Laurie Goodstein's article in today's New York Times about Mormons who now have doubts regarding their faith due to what they discover about Mormonism online intrigues me. I suppose what intrigues me most is the question, How can people continue for so long in many religious traditions without doubting? How can people come to maturity and live within religious traditions as adults and not recognize the many inconsistencies, distortions, and falsities within any religious tradition?
I suspect that many of us who are gay or lesbian and were raised within a wide variety of religious traditions hostile to our very nature never really had this luxury of not doubting. Most of us have had to struggle from the earliest point in our lives when it became apparent to us that our sexual orientation was not approved by our faith communities. Or from the time we began to have glimmers that something was "wrong" with us in "that way," and we began to try to cope with our sense of fundamental difference and otherness in communities that had no room at all for such difference and otherness . . . .

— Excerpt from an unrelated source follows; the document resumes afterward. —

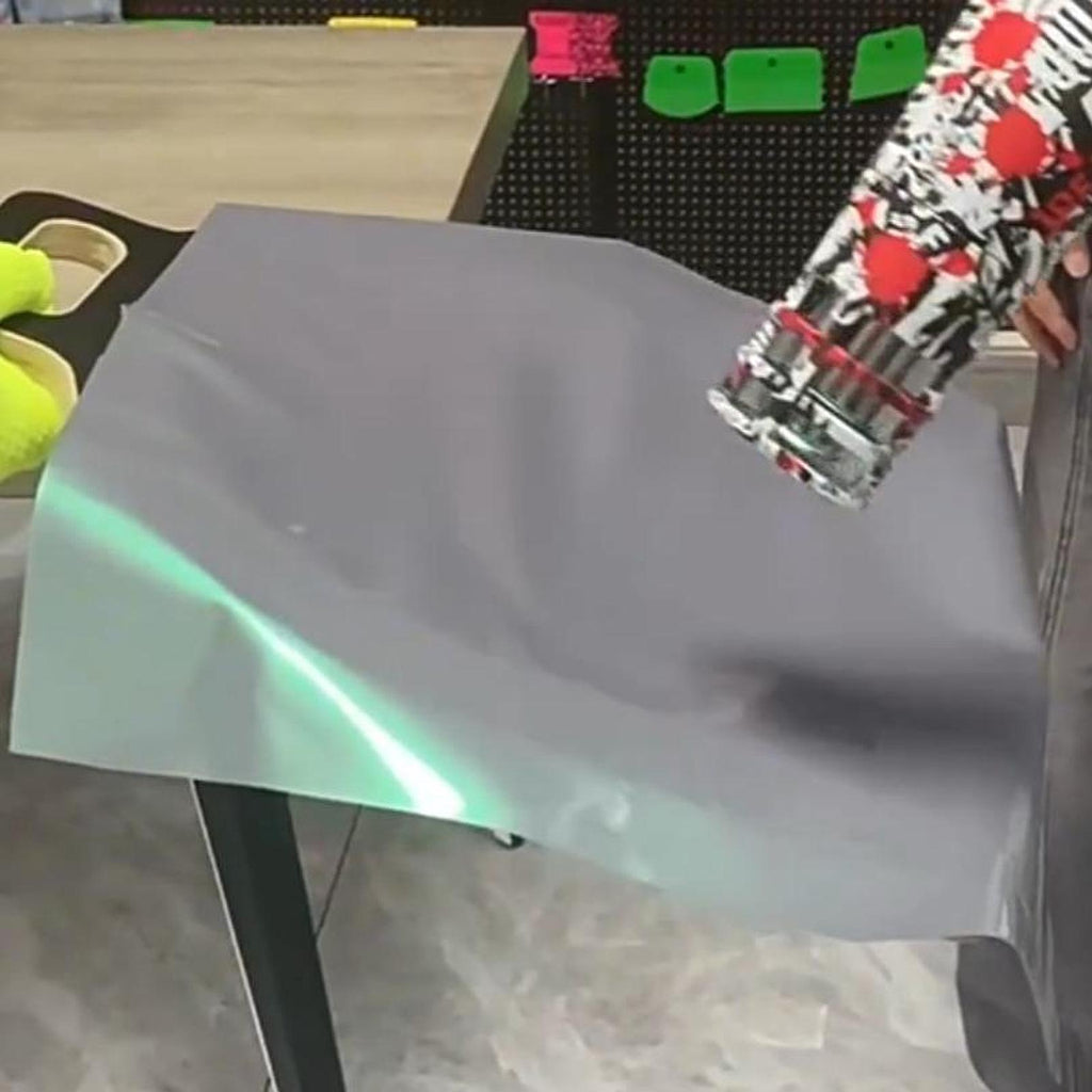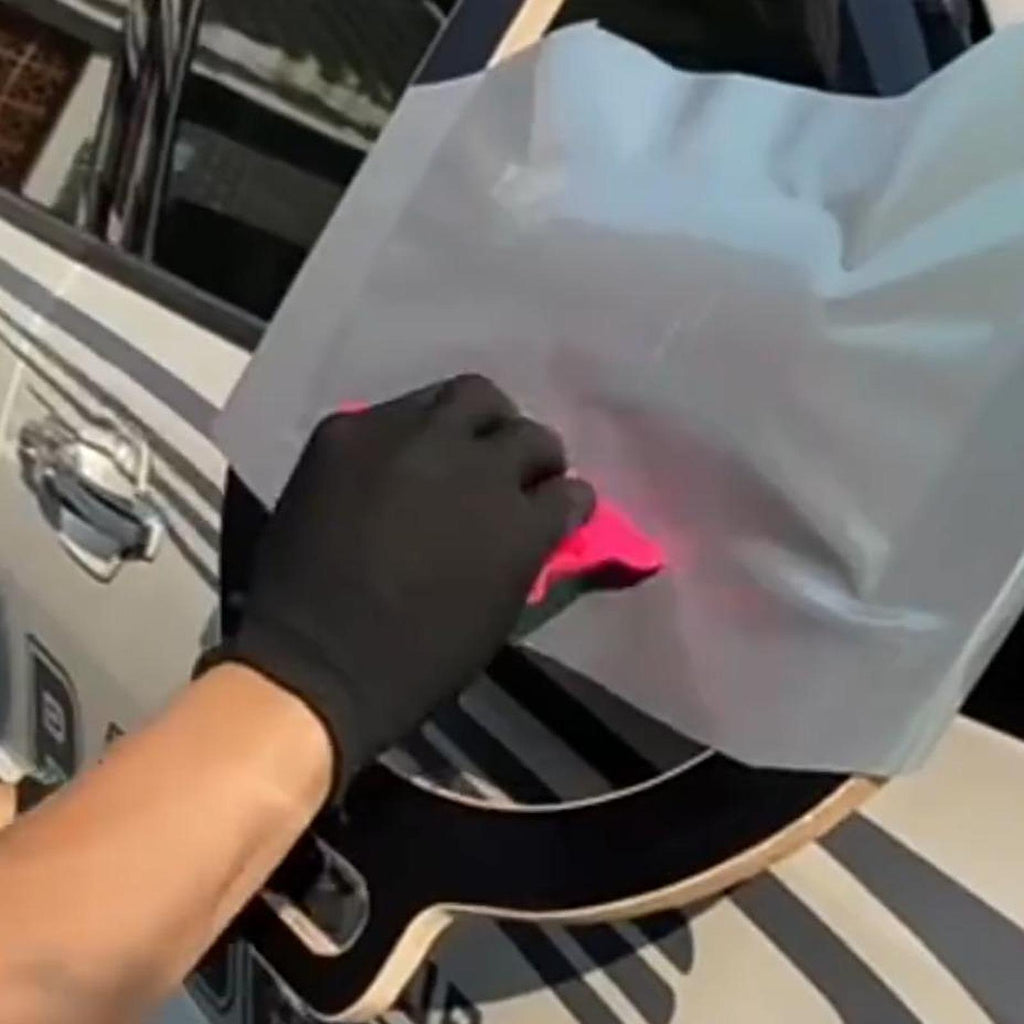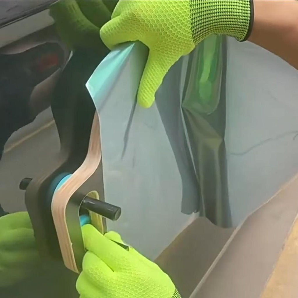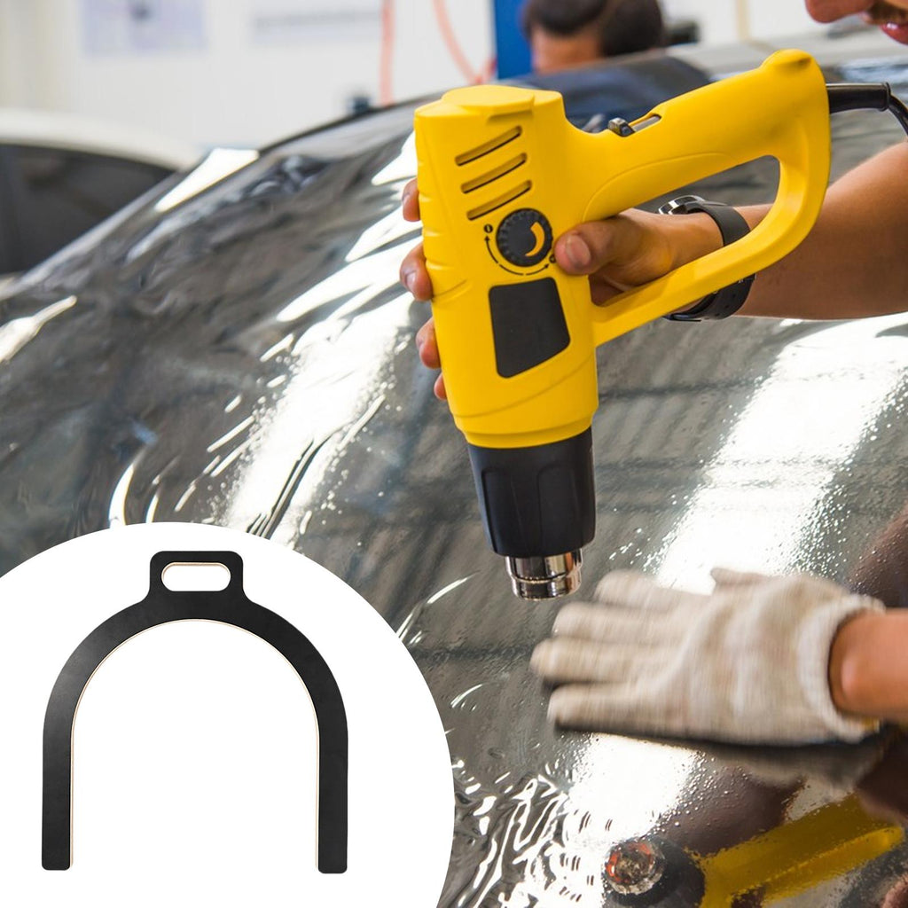 - 【How to Use】U shaped car mirror wrap tool. You just need to attach the film to the tool, trim it to the right size, and sticky it onto the tool's surface, revealing the handle; Following this, soften the car film using a hot air tool, apply the film to the car's body, and rub it with a vinyl scraper for fitting

The struggle is a struggle to understand, to reconcile something that we discover is constitutive of our very nature with the demand of our faith communities that we either lie about that constitutive fact, pretend it's not there, or "cure" ourselves of it. For a great many of us, this leads over the course of time to the recognition that our faith communities are simply wrong about what they have to say to us regarding our gay and lesbian natures.
The discovery that our religious traditions can be seriously mistaken about something so fundamental to our lives often leads, in turn, to our growing recognition that our churches, synagogues, mosques, etc., have also been wrong in other of their perceptions or teachings. We find that there's an undeniable human element in all religious traditions, that almost all religious traditions in the world have long been dominated by heterosexual males, who have made those traditions vehicles for the power of heterosexual men over everyone else in the world.
We're left with no choice except to struggle, to try to achieve understanding--or, if the religious communities in which we have been raised prove too toxic to ourselves and others, to repudiate and combat them. In our struggles, we LGBT folks raised within religious traditions also discover that there are many others who have no choice except to ask questions about religious traditions similar to our own--women, who suffer as well from the male domination of religious traditions, people of color, who are frequently excluded and demeaned by religious traditions whose God is construed in racist terms, the poor and outcast, who, as Rilke says, all too often find themselves outside the cathedral doors.
I've often thought that the questions and critiques these communities--including the LGBT community--bring to communities of faith are a precious gift to those communities, an invitation to moral and spiritual maturity on the part of these communities of faith. Though we and our questions are seldom perceived that way by the leaders of many of our faith communities . . . .
That's my take on the story Goodstein tells today. What do you think?
The graphic: Goodstein's article contains her video interview with Swedish Mormon leader (and now doubter) Hans Mattson. The photo of Mattson is from that video.